Since oil is abundant and energy-rich, it is not without reason to assume that sooner or later, with continued energy consumption to meet the demands of a growing bitcoin economy, bitcoin will make use of oil resources. The second reason is that energy underpins bitcoin and gives bitcoin validity. Similar to gold, oil is a real asset, but unlike gold, oil is of much greater use in the economy and underpins almost every economic activity. From producing window frames, to building roads, driving cars, making medicines and toothpaste, oil is always involved. Bitcoin therefore requires a meaningful relationship with energy, particularly natural gas and oil, as these hydrocarbon resources are particularly abundant on Earth.
As natural gas and oil compete to be the energy source of the first half of the 21st century, there will also be a battle over which energy source will underpin Bitcoin transactions.
9. New business models based on existing income-generating activities
Oil sands will not be an attractive business model, but is attractive when the price of oil is above $100 per barrel. Nonetheless, oil sands operations have more in common with mining operators, which is obvious because the earth produced must be processed.

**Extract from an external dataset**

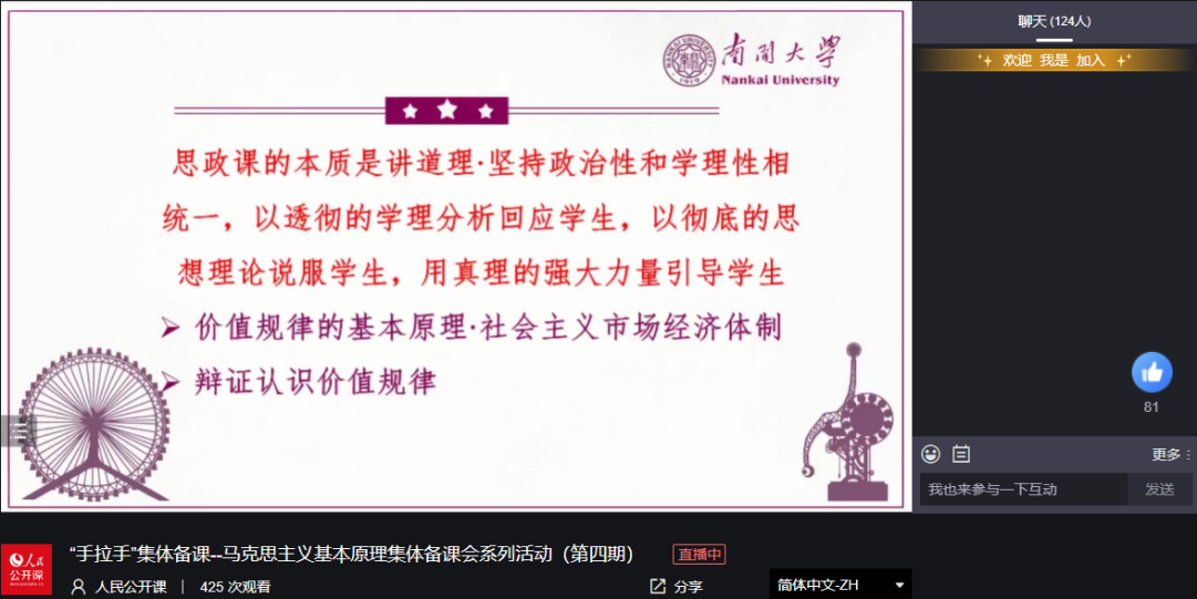 参会教师们纷纷表示,依托马克思主义基本原理集体备课系列活动,有利于深入研究马克思主义基本原理课程的授课内容、授课规律、授课方法,深化对马原理课程重点难点问题的理解,进一步提升马原理课程的教学实际效果。

The new business model could be renewables. But new entrants have already established themselves in renewables and it will be hard for many oil companies to make renewables their new home. Hydrogen could be an option, using CO2 as an energy carrier, but just like (other) renewables, hydrogen offers a low EROI (Energy-Return-on-Energy-Invested) that does not put it on par with hydrocarbon fuels.
Many oil companies have started investing in and collaborating with startups. These startups have the agility and mindset to drive change in the energy industry. Many of these initiatives and startups are focused on sustainable energy management and resource recovery. Biofuels have long been a focus of research because they would require minimal changes to the existing energy infrastructure that has been built over the last 100+ years. The production of biofuels and the manufacture of fuels from waste can be expanded alongside the existing refinery business. Biofuels have lost some of their spark in recent years due to slow commercialization, loss of innovation momentum, and market shifts due to the fall in oil prices.
10. Training and development: Attracting talent to the oil industry
The renewable energy industry has an easy time attracting a lot of good talent to new business models that otherwise would have gone into the oil industry. Although the oil industry offers high salaries, this alone is not enough to encourage innovation, research and development in the oil industry. The oil industry must find a way to attract this talent back to the oil industry and develop new training models to prepare employees for the challenges of the 21st century. New talent must learn to develop the business models of the future to transform the oil industry.